Minimax regret deserves extended treatment because it is the conceptual ancestor of the regret metrics used throughout this framework. Let \(Z^*(\omega) = \max_{a'} Z(a', \omega)\) denote the best achievable outcome under future \(\omega\). The regret of choosing alternative \(a\) under future \(\omega\) is:
\[ r(a, \omega) = Z^*(\omega) - Z(a, \omega) \]
Minimax regret selects the alternative \(a^*\) that minimises the maximum regret across all futures:
\[ a^* = \arg\min_{a \in \mathcal{A}} \max_{\omega \in \Omega} r(a, \omega) \]
This criterion has intuitive appeal for long-horizon decisions: it asks not which alternative has the highest possible payoff but which avoids the largest avoidable loss when the future becomes known.
Robustness metrics formalise different aspects of how consistently an alternative performs across the future ensemble.

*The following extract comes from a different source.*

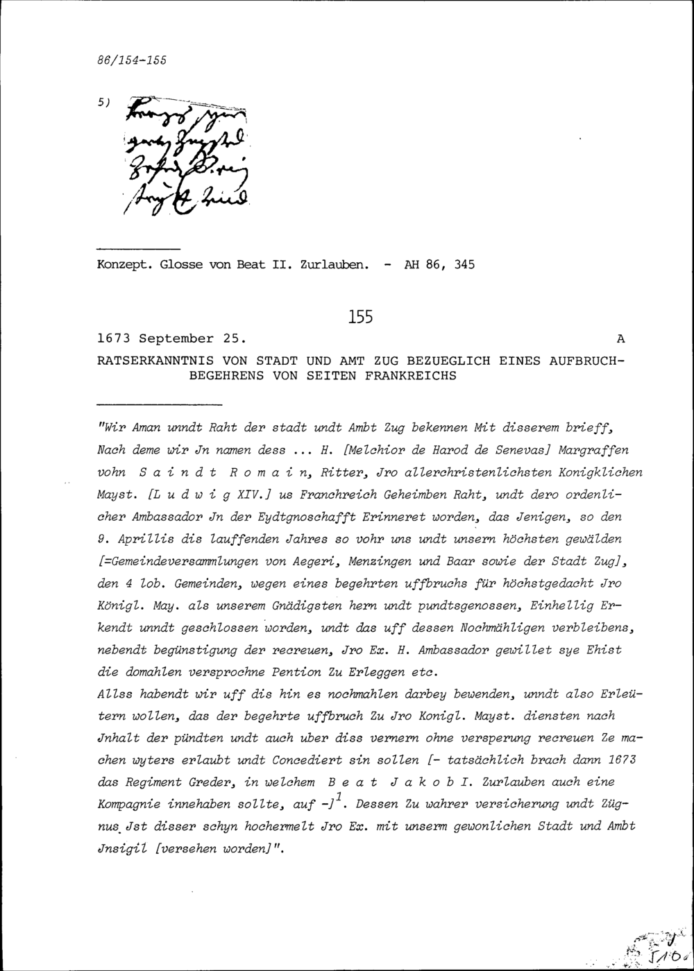 Gutachten von Beat II. Zurlauben, Stadt- und Amtrat Zug, über Rechtsstreitigkeiten...

The satisficing rate of alternative \(a\) at threshold \(\theta\) is the fraction of futures in which the outcome meets or exceeds the threshold:
\[ S(a, \theta) = \frac{|\{\omega \in \Omega : Z(a, \omega) \geq \theta\}|}{|\Omega|} \]
The maximum regret of alternative \(a\) across the ensemble is \(\max_{\omega \in \Omega} r(a,\omega)\). The P90 regret is the 90th percentile of the regret distribution across futures, providing a less extreme but more robust measure of tail exposure. These three metrics capture complementary dimensions of performance under uncertainty and are computed together in the DecisionSummaryArtefact for each pathway comparison.
Value of information concepts bridge decision analysis and progressive refinement. The Expected Value of Perfect Information (EVPI) under a probability distribution \(\pi\) is:
\[ \text{EVPI} = \mathbb{E}_\pi[\max_a Z(a, \omega)] - \max_a \mathbb{E}_\pi[Z(a, \omega)] \]
It measures the maximum one would pay for a perfect oracle. In the DMDU context, where \(\pi\) is contested, EVPI is replaced by the regret-sensitivity equivalent: how much does the maximum regret of the preferred alternative change if uncertainty about a specific uncertain driver is resolved? This measure, computed by re-running the ensemble with specific driver dimensions held fixed, identifies which uncertainties most determine the pathway comparison and therefore which analytical investments in better data or richer representation are most valuable.
Multi-criteria formulations extend the single-outcome framework to settings where multiple dimensions of consequence must be considered. The scalarisation approach converts multiple criteria \(Z_1(a,\omega), \ldots, Z_k(a,\omega)\) into a weighted composite \(\sum_i w_i Z_i(a,\omega)\). This is tractable but depends on the weights being meaningful and widely accepted. Pareto reasoning identifies the set of non-dominated alternatives, those for which no other alternative is strictly better on every criterion simultaneously. The Pareto approach preserves trade-off information rather than suppressing it, but it requires a second-stage rule for choosing among the non-dominated set. Threshold-based multi-criteria comparison asks which alternatives simultaneously satisfy threshold conditions across all criteria and across a sufficient fraction of the future ensemble, aligning naturally with satisficing and robustness reasoning under deep uncertainty.